Run Hamilton Functions as an AWS SageMaker Processing Job

AWS SageMaker is a comprehensive platform that facilitates the creation, training, and deployment of machine learning (ML) models. This guide demonstrates deploying a “hello-world” processing job using Hamilton functions on SageMaker.

Prerequisites

  • AWS CLI Setup: Ensure that the AWS CLI is configured on your machine.

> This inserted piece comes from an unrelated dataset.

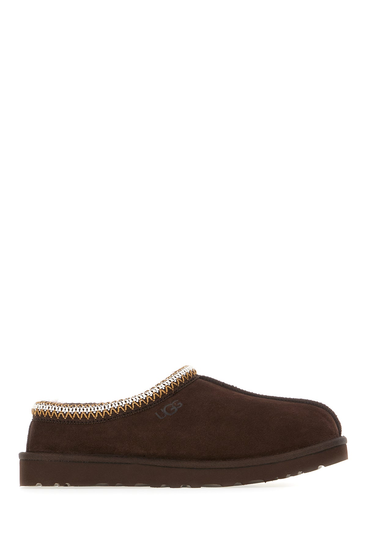Slippers realizzate in pelle scamosciata caratterizzate da logo a contrasto sulla parte frontale arricchite da profilatura a contrasto.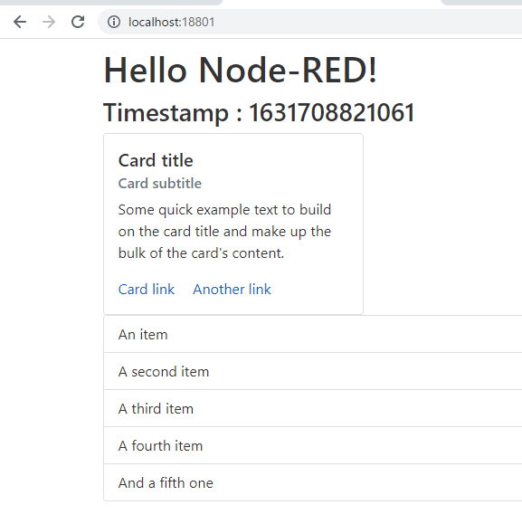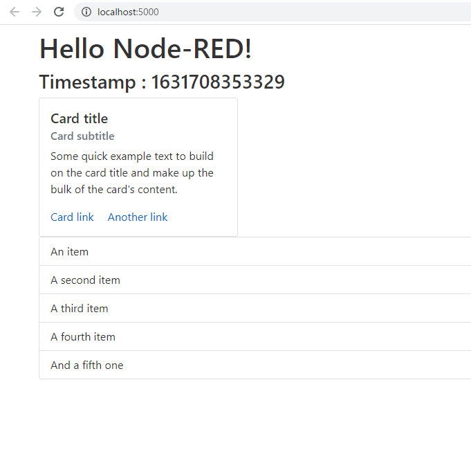 このように、開発サーバー http://localhost:5000/ で表示されて <h3>Timestamp : {timeStamp}</h3> の timeStamp の値が、Node-RED から受け取ったタイムスタンプの値に置き換わっています。

Follow the Quick Start guide for setup instructions.

Step-by-Step Guide

1. Build the Docker Image

Navigate to the container directory and build the Docker image:

cd container/ \
    && docker build --platform linux/amd64 -t aws-sagemaker-hamilton . \
    && cd ..

2. Create AWS ECR repository.

Ensure the AWS account number (111122223333) is correctly replaced with yours:

  • Authenticate Docker to Amazon ECR:

    Retrieve an authentication token to authenticate your Docker client to your Amazon Elastic Container Registry (ECR):

    aws ecr get-login-password --region us-east-1 | docker login --username AWS --password-stdin 111122223333.dkr.ecr.us-east-1.amazonaws.com
    
  • Create the ECR Repository:

    aws ecr create-repository \
        --repository-name aws-sagemaker-hamilton \
        --region us-east-1 \
        --image-scanning-configuration scanOnPush=true \
        --image-tag-mutability MUTABLE
    

3. Deploy the Image to AWS ECR

Ensure the AWS account number (111122223333) is correctly replaced with yours:

docker tag aws-sagemaker-hamilton 111122223333.dkr.ecr.us-east-1.amazonaws.com/aws-sagemaker-hamilton:latest
docker push 111122223333.dkr.ecr.us-east-1.amazonaws.com/aws-sagemaker-hamilton:latest

4. Create simple role for AWS SageMaker ScriptProcessor.

  • Create the Role:

    Example of creating an AWS Role with full permissions for ECR and S3.

    aws iam create-role \
        --role-name SageMakerScriptProcessorRole \
        --assume-role-policy-document '{"Version": "2012-10-17", "Statement": [{ "Effect": "Allow", "Principal": { "Service": "sagemaker.amazonaws.com"}, "Action": "sts:AssumeRole"}]}'
    
  • Attach Policies to the Role:

    Here we grant full access to ECR, S3 and SageMaker as an example. For production environments it's important to restrict access appropriately.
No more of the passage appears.